Single particle plasmonic and electrochemical dual mode detection of amantadine

Herein, a facile and sensitive dual mode sensing strategy for amantadine (AMD) level evaluation by coupling the plasmonic Au nanorod (NR) and supramolecular SH-cyclodextrin (CD) through strong Au-S bond is proposed. Methylene blue (MB) molecules can be inserted into the cavity of CD molecules through the hydrophobic interaction, which would cause the plasmon resonance energy transfer (PRET) process as well as electrochemical signal response due to the spectrum overlap between Au NR and MB molecules and the electrochemical conversion activity of MB molecules.

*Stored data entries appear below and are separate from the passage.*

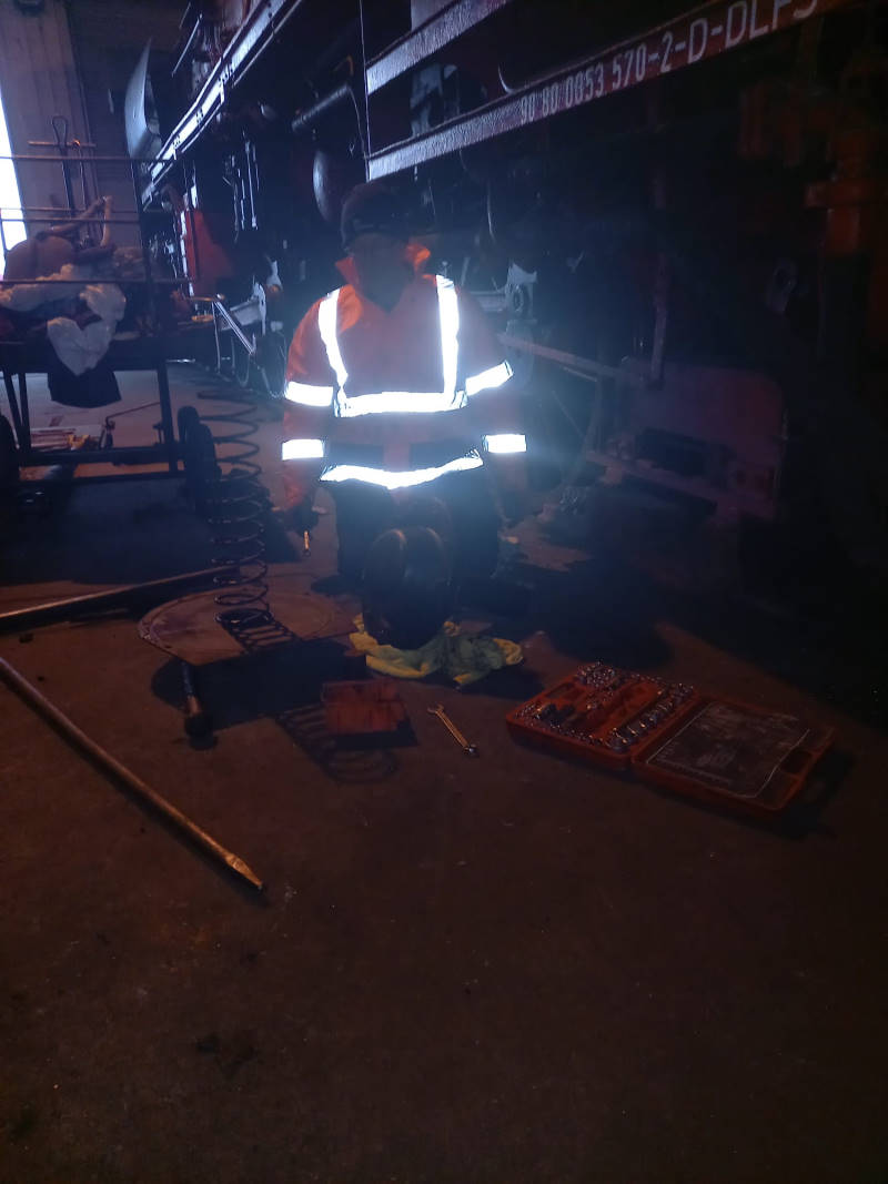 Die Lokomotive erhält auch eine Bremsrevision. Dazu wurden die Bremszylinder demontiert und die Bremskolben untersucht.
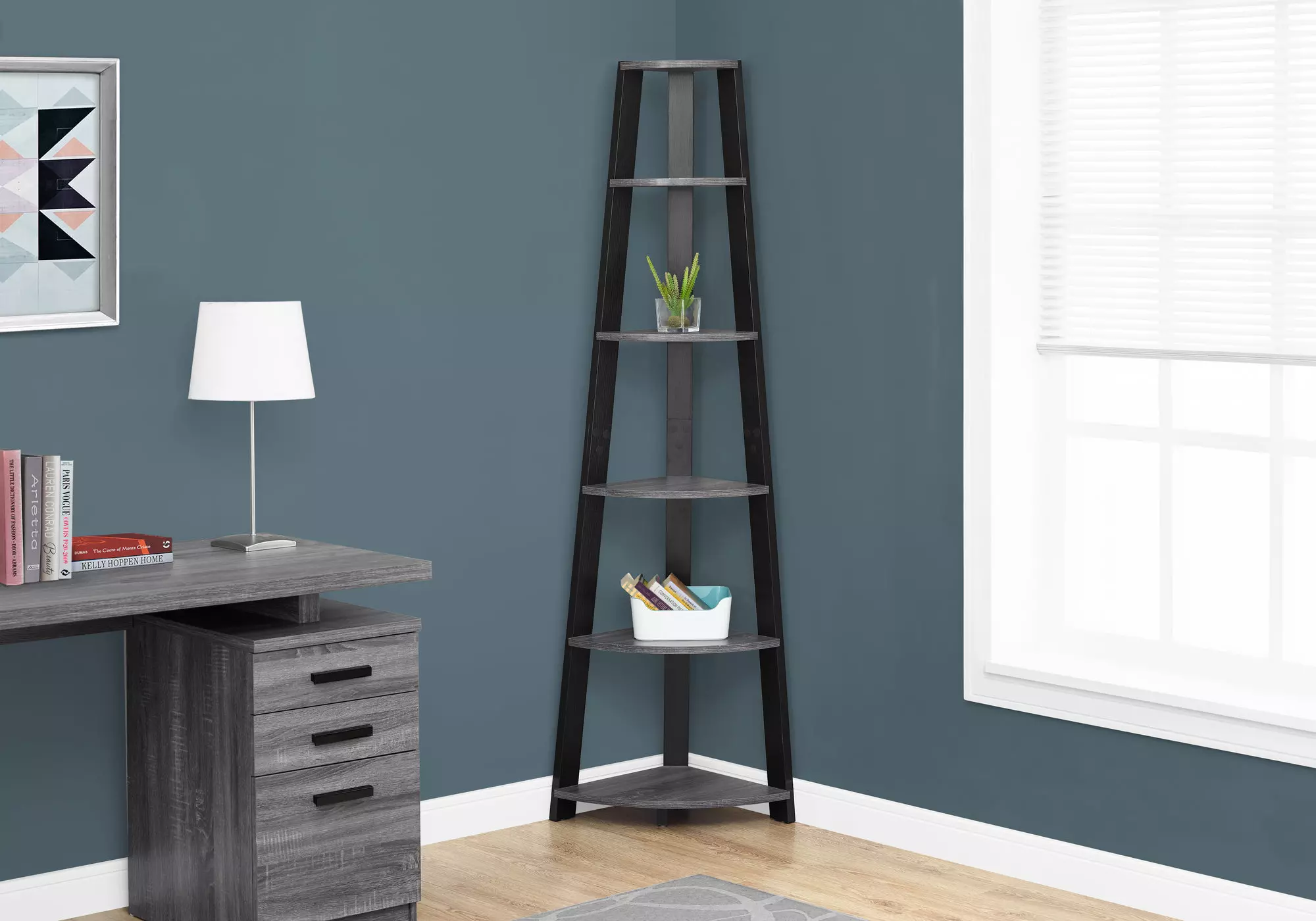 bookcase - 72 h - grey-black corner accent etagere by monarch specialties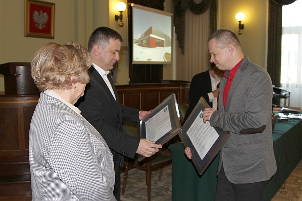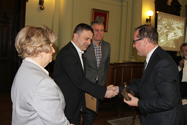 Pamiątkowe statuetki oraz dyplomy wręczali inwestorom oraz projektantom: wiceprezydent Bożena Jawor, dyrektor Mirosław Trzupek, Stanisław Deńko oraz Józef Kantor, dyrektor Wydziału Kultury i Sportu Urzędu Miasta.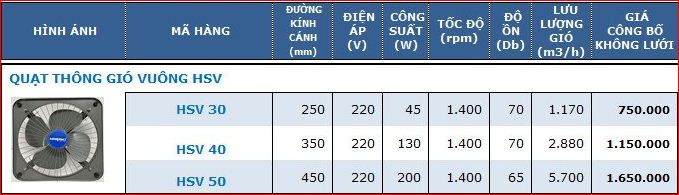 [Sản Phẩm Ngừng Kinh Doanh] Quạt thông gió vuông HAWIN - HSV 50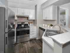 Updated kitchen cabinets with quartz counter tops and laminate hardwood floors throughout. This unit also has central A/C and Heat.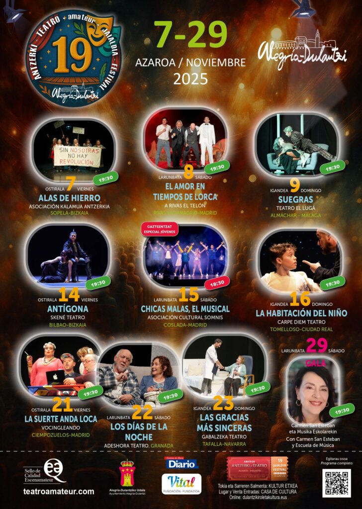 El festival se cerrará el sábado 29 de noviembre con una gala de clausura, en la que se reconocerá el trabajo y la creatividad de los grupos participantes, poniendo el broche final a una cita que, edición tras edición, sigue demostrando que el teatro amateur continúa muy vivo en Alegría-Dulantzi.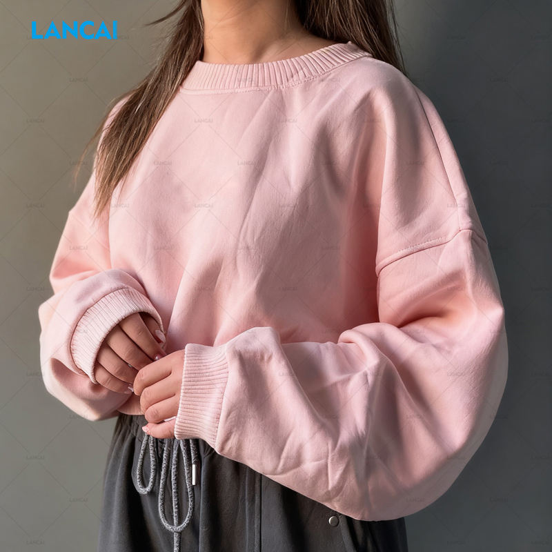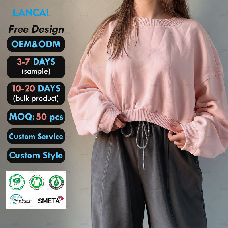 Nombre del producto:Sudadera de cuello redondo recortada de mujer personalizable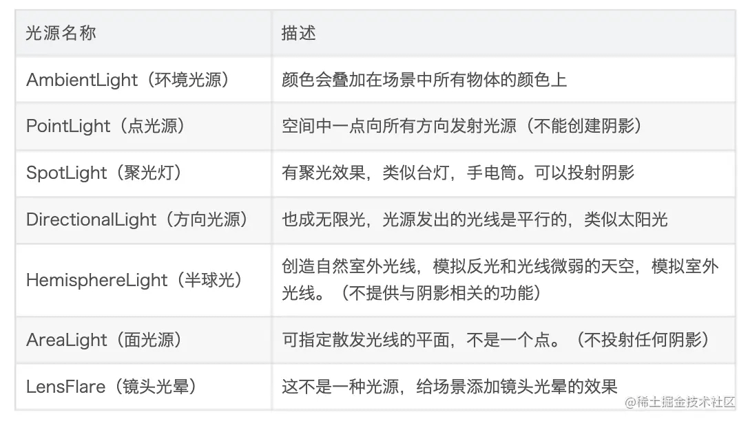 THREE.Light只是其他所有光源的基类,要让光源除了具有颜色的特性之外,我们需要其他光源。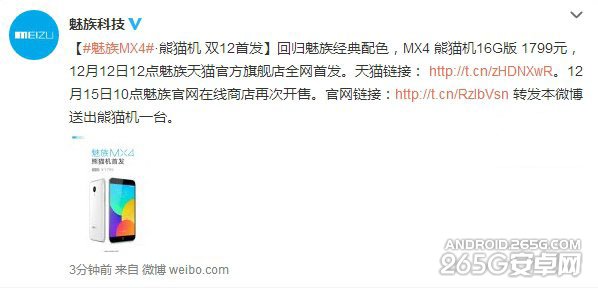 就在刚刚,魅族在微博宣布,魅族MX4熊猫机将于双12在天猫商城首发,于12月15日在魅族官网在线商店再次开售,16GB版1799元、32GB版1999元。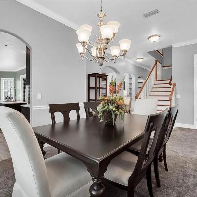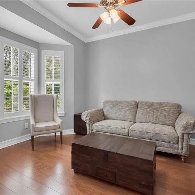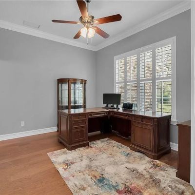 Ceiling Fan(s), Crown Molding, Eating Space In Kitchen, High Ceilings, Solid Surface Counters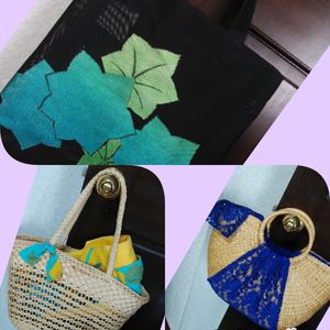 🎐葉っぱが🍀美しい 夏帯のトートバック 帯地ですので確りしていて 型崩れが無いです (透けています)💼 🎐籠バック(左) トロピカルな布でバック.イン.バックと🎀リボンを付けました💼 🎐籠バック(右) ストールのレースを使用し内側に同色の裏布を付け、レースのカバーを付けたので使い勝手が良く安心です💼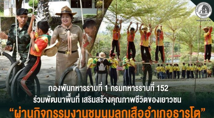 กองพันทหารราบที่ 1 กรมทหารราบที่ 152 ร่วมพัฒนาพื้นที่ เสริมสร้างคุณภาพชีวิตของเยาวชน ผ่านกิจกรรมงานชุมนุมลูกเสืออำเภอธารโต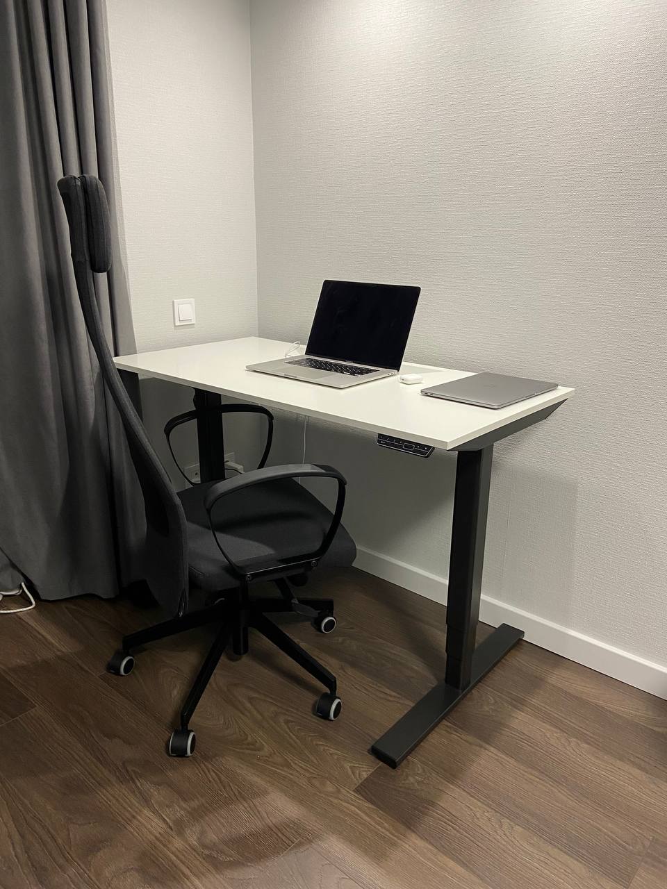 Уже месяц пользуюсь столом. Нареканий нет от слова совсем. Качество конструкции на высоте! Сразу настроил себе 2 режима для работы стоя и сидя. И ещё 2 режима – для жены.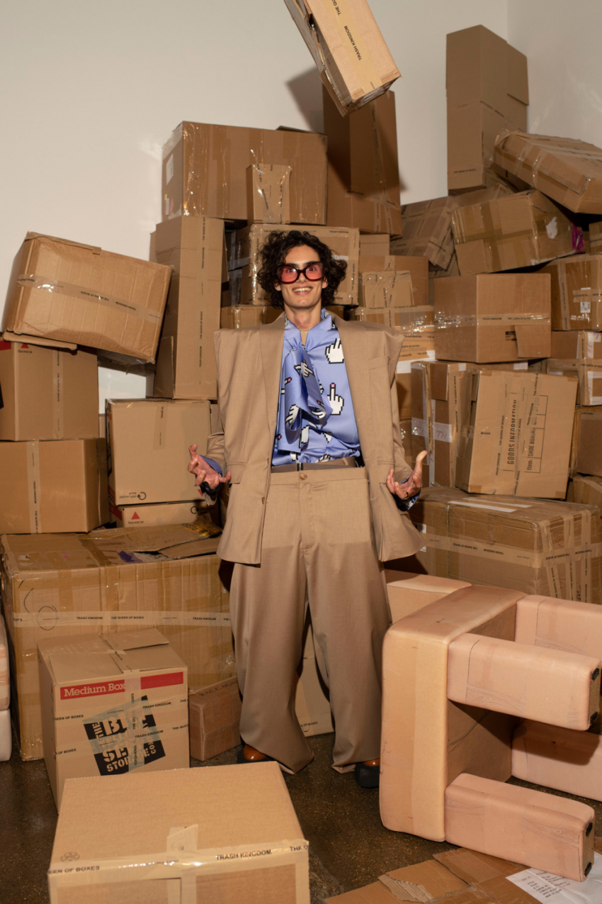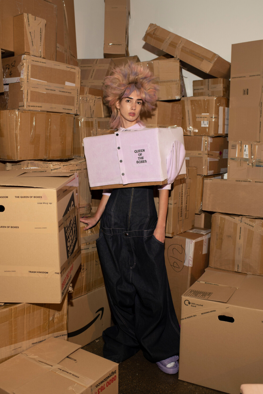 «Коробки стали обычным мусором в нашей повседневной жизни. Будь то ежедневные поставки из интернет-магазинов, китчевые распаковочные видео, наводняющие социальные сети, или просто радость от открытия чего-то в упаковке — новая коллекция основана на последних 18 месяцах жизни, — говорит Зинько. — Окунувшись в безумие домашнего обихода и ища новые способы задействовать наивное творчество, я начала разрабатывать коллекцию, играя с размещением картонных коробок на собственном теле, в конечном итоге переработав их в настоящую одежду».

Subsequently, AMD would induce the replacement of MB molecules because of the stronger interaction with CD, resulting the recovery of scattering intensity of Au NR and decrease of the electrooxidation current of MB. On one hand, the increase of Au NR scattering intensity is linearly proportional to AMD with the concentration from 0.4 to 3.0 mu M, and reaches a limit of detection (LOD) of 0.28 mu M. On the other hand, electrochemical measurement method enlarged the detection range of AMD. The variation of electrochemical oxidation peak current of MB is linearly proportional to the logarithm value of AMD concentration from 2.5 to 375.0 mu M, with LOD of 1.9 mu M. Subsequently, the proposed dual mode response sensing strategy was successfully employed for the detection of AMD in human serum samples with great selectivity and sensitivity, with a recovery percentage ranged from 92.6 to 112.0%. Overall, this Au NR@SH-CD-MB nano particle based single particle plasmonic and electrochemical dual mode sensing method provides great potential in the field of clinical drug detection or metabolic process investigation in the future.

Automated summary

In this study, a facile and sensitive dual mode sensing strategy for evaluating amantadine (AMD) levels was proposed by coupling plasmonic Au nanorods (NRs) with supramolecular SH-cyclodextrin (CD) through a strong Au-S bond. This strategy showed linearly proportional response to AMD concentration, and had low detection limits. Furthermore, it was successfully applied to the detection of AMD in human serum samples with excellent selectivity and sensitivity.